For the venv setup, I see this done by anyio
Just to reiterate, setting:
export FIFTYONE_SHOW_PROGRESS_BARS=false
will disable all progress bars in FiftyOne and thus prevent any stdout capture from happening. If you're operating in a concurrent environment, chances are you don't want/care about progress bars anyway, so that seems appropriate.

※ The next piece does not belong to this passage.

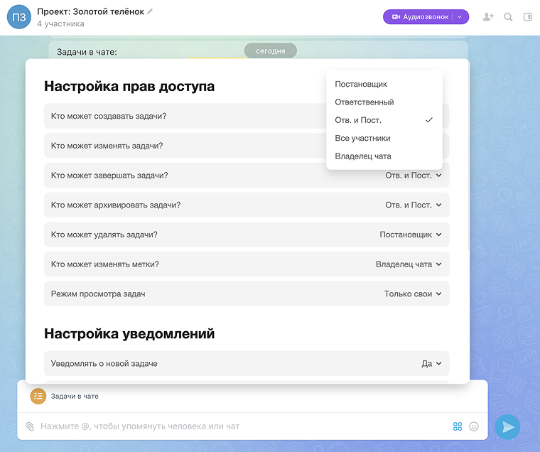 Создавайте и управляйте задачами прямо в чате – быстро, удобно, эффективно.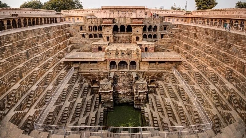 In the Indian desert of Rajasthan lies one of the deepest and oldest stepwells in the world. Built between the 8th and 9th centuries, Chand Baori is a gigantic inverted pyramid with 3,500 steps descending 30 meters to the water. Its symmetrical architecture is truly breathtaking. The well served not only as a source of water but also as a public space where people could find refuge from the heat, pray, and socialize. Today, it stands as a stunning monument to past engineering.

As for the I/O error that occurring:
- Here's where our progress bar class is implemented: https://github.com/voxel51/eta/blob/57a39e032cbb25781c9bece14e31a8348399e8ad/eta/core/utils.py#L1490
- Here's the utility class that handles stdout capture: https://github.com/voxel51/eta/blob/57a39e032cbb25781c9bece14e31a8348399e8ad/eta/core/utils.py#L1355
@pseudotensor seems like you have some expertise here, any chance you can spot a fix to make these classes thread safe?